We can then set the moles of acid equal to the moles of base.

$\text{M}_A \times \text{V}_A = \text{M}_B \times \text{V}_B$

$$\text{M}_A$$ is the molarity of the acid, while $$\text{M}_B$$ is the molarity of the base. $$\text{V}_A$$ and $$\text{V}_B$$ are the volumes of the acid and base, respectively.

Suppose that a titration is performed and $$20.70 \: \text{mL}$$ of $$0.500 \: \text{M} \: \ce{NaOH}$$ is required to reach the end point when titrated against $$15.00 \: \text{mL}$$ of $$\ce{HCl}$$ of unknown concentration.
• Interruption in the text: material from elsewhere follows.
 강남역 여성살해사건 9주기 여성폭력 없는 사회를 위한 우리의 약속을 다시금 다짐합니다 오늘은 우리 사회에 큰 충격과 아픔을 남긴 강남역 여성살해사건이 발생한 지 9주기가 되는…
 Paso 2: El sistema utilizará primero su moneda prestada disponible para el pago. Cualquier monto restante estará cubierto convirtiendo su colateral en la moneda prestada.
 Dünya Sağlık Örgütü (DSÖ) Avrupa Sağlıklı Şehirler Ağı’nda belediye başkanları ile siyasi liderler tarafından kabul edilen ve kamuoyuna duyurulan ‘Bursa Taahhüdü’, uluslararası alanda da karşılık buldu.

The above equation can be used to solve for the molarity of the acid.

$\text{M}_A = \frac{\text{M}_B \times \text{V}_B}{\text{V}_A} = \frac{0.500 \: \text{M} \times 20.70 \: \text{mL}}{15.00 \: \text{mL}} = 0.690 \: \text{M}$

The higher molarity of the acid compared to the base in this case means that a smaller volume of the acid is required to reach the equivalence point.
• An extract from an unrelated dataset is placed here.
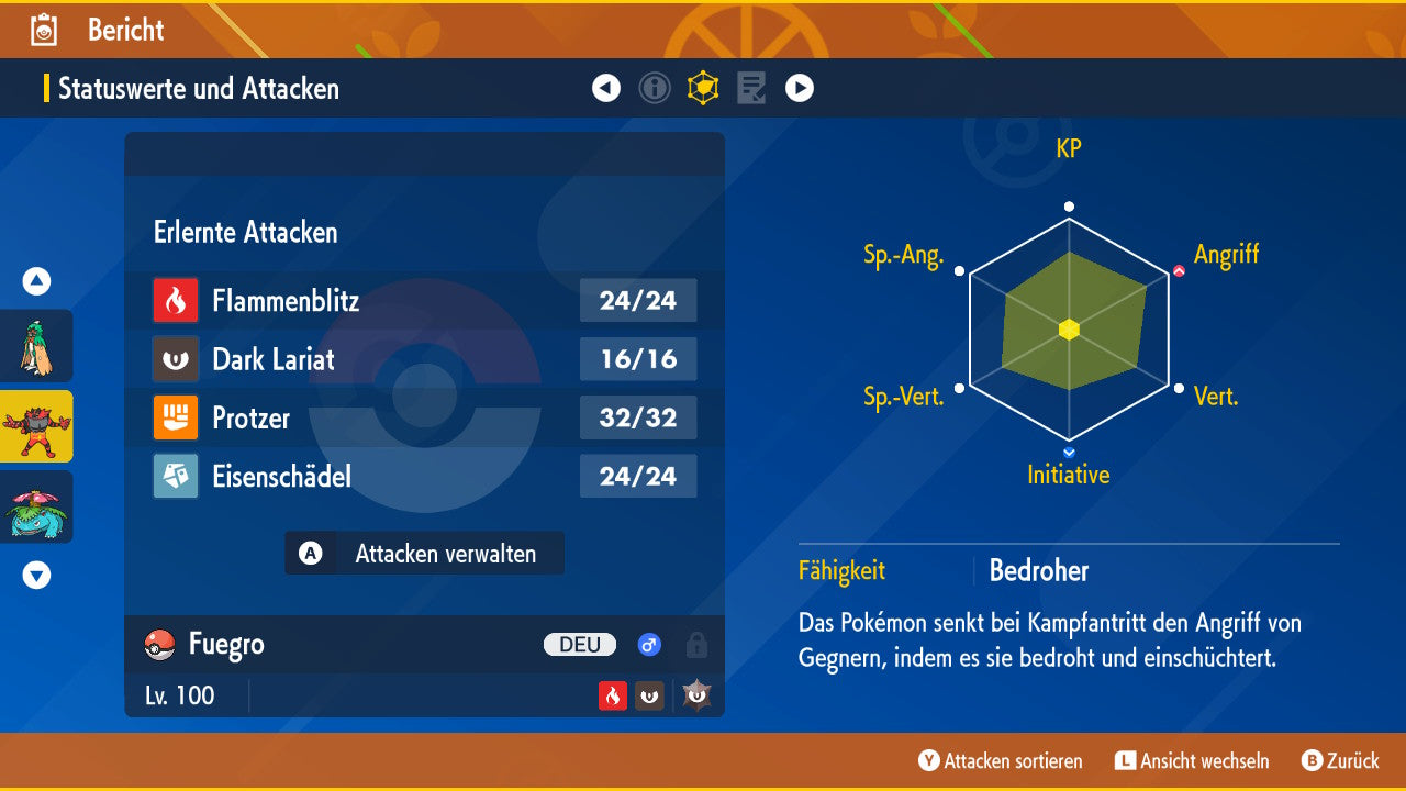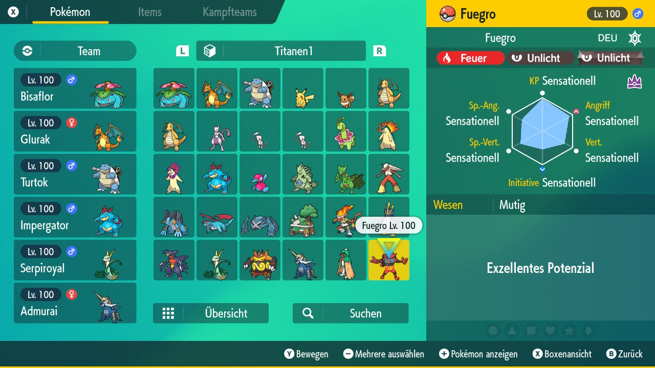 Das Pokemon ist mit beeindruckenden 6×31 IV-Werten ausgestattet. Das bedeutet, dass es auf allen sechs Werten (KP, Ang., Sp-Ang., Vert., Sp-Vert., Init.) die maximalen 31 IV/DV-Punkte besitzt. Dein Pokemon startet somit mit herausragender Stärke in digitale Kämpfe.

The above equation works only for neutralizations in which there is a 1:1 ratio between the acid and the base.  When the formula of the acids or the base determines a different molar ratio, then the equation above cannot be applied. In this case, we can use traditional stoichiometric calculations. The example below demonstrates the technique to solve a titration problem for a titration of sulfuric acid with sodium hydroxide, which react in a 1:2 moles ratio.

Example $$\PageIndex{1}$$

In a titration of sulfuric acid against sodium hydroxide, $$32.20 \: \text{mL}$$ of $$0.250 \: \text{M} \: \ce{NaOH}$$ is required to neutralize $$26.60 \: \text{mL}$$ of $$\ce{H_2SO_4}$$. Calculate the molarity of the sulfuric acid.

$\ce{H_2SO_4} \left( aq \right) + 2 \ce{NaOH} \left( aq \right) \rightarrow \ce{Na_2SO_4} \left( aq \right) + 2 \ce{H_2O} \left( l \right)$

Solution

Step 1: List the known values and plan the problem.
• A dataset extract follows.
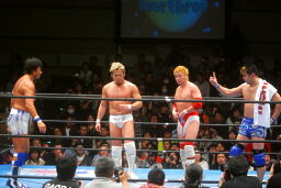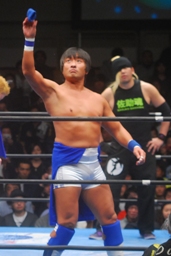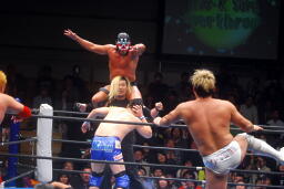 湯浅ロープに振る、カズはハンドスプリングオーバーヘッドキック(左写真)、湯浅立ち上がってラリアット、藤田とテイオーにタッチ。

• Molarity $$\ce{NaOH} = 0.250 \: \text{M}$$
• Volume $$\ce{NaOH} = 32.20 \: \text{mL}$$
• Volume $$\ce{H_2SO_4} = 26.60 \: \text{mL}$$

Unknown

• Molarity $$\ce{H_2SO_4} = ?$$

First determine the moles of $$\ce{NaOH}$$ in the reaction. From the mole ratio, calculate the moles of $$\ce{H_2SO_4}$$ that reacted. Finally, divide the moles of $$\ce{H_2SO_4}$$ by its volume to get the molarity.

Step 2: Solve.

\begin{align} &\text{mol} \: \ce{NaOH} = \text{M} \times \text{L} = 0.250 \: \text{M} \times 0.03220 \: \text{L} = 8.05 \times 10^{-3} \: \text{mol} \: \ce{NaOH} \\ &8.05 \times 10^{-3} \: \text{mol} \: \ce{NaOH} \times \frac{1 \: \text{mol} \: \ce{H_2SO_4}}{2 \: \text{mol} \: \ce{NaOH}} = 4.03 \times 10^{-3} \: \text{mol} \: \ce{H_2SO_4} \\ &\frac{4.03 \times 10^{-3} \: \text{mol} \: \ce{H_2SO_4}}{0.02660 \: \text{L}} = 0.151 \: \text{M} \: \ce{H_2SO_4} \end{align}

The volume of $$\ce{H_2SO_4}$$ required is smaller than the volume of $$\ce{NaOH}$$ because of the two hydrogen ions contributed by each molecule.